How to Apologize If You’re Not Sorry
One of the most devastating lessons of early childhood is that sometimes you have to apologize, even if you don’t. You might not take a toy away from another child these days just because you thought they had it long enough, but that doesn’t make it any easier to force an apology. Here’s how to do it and why you should.
There will be times in your professional and social life when you need to apologize just to maintain a relationship. Apologies signal a willingness to maintain friendships. Angela Gorman, managing partner and president of AMW PR , said an apology is powerful, and if you’re unsure whether to offer one, ask yourself how much the relationship means to you.
“If you value a relationship, consider apologizing as a bridge to easing tensions and an opportunity to recover,” she said, adding that it’s standard practice to “keep peace and calm.”
Don’t make this an overly sentimental, wordy meeting. The more you talk about the problem, the more fake you will look and the more likely you are to show that you are not particularly sorry, which is contrary to the purpose of what you are trying to achieve. Instead, be direct.
Gorman suggested focusing on how the other person feels: “It’s not so much about apologizing as it is about empathizing that they feel hurt in some way.” She said that you should try to see the situation from their point of view. Put yourself in their place, as your parents taught you as a child, when you were a little toy thief.
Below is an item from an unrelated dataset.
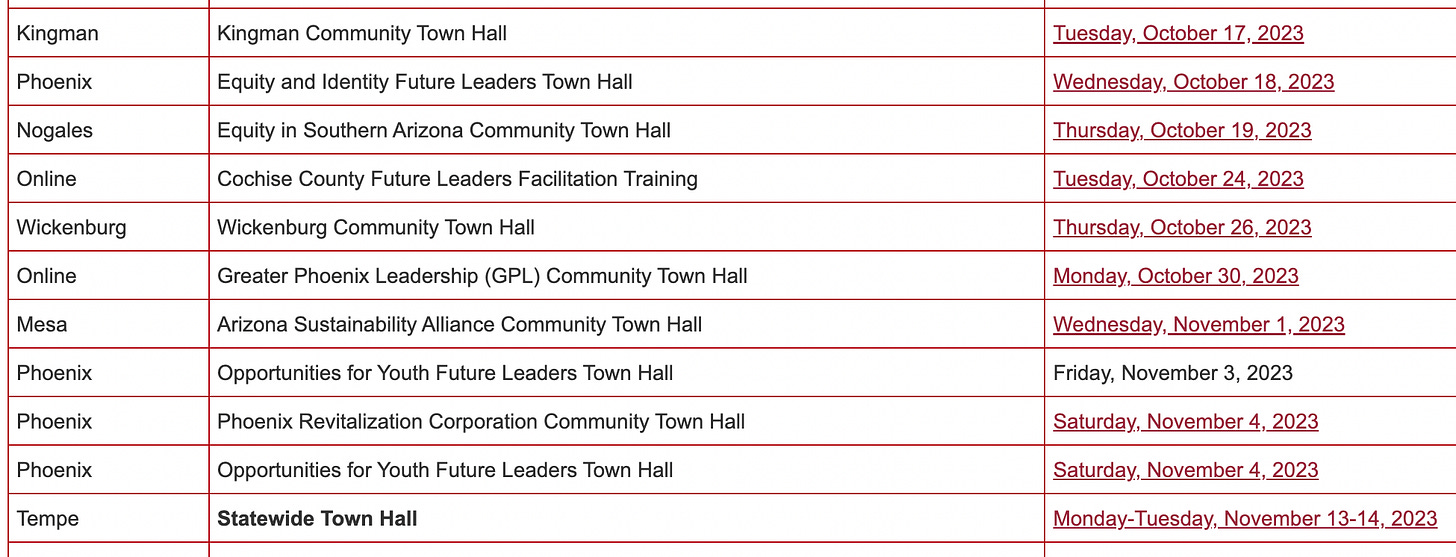 More than a dozen town halls have already taken place and several more are scheduled for Bullhead City, Wickenburg, Nogales and a few other municipalities. Organizers are trying to get as much feedback as possible before the Nov. 13 and 14 statewide gathering and culminating event in Tempe.

“It works just as well for toddlers as it does for adults,” Gorman said. “Admit that they feel the way they are and that you’re sorry they feel that way.”
However, don’t rely entirely on the “I’m sorry I offended you” model. Take some responsibility and say you’re sorry for your actions that hurt you. Then leave it alone. Don’t get hung up on the topic. Instead, offer to return to work on a joint venture, have coffee in the future, or do something else that will help you get the relationship back on track.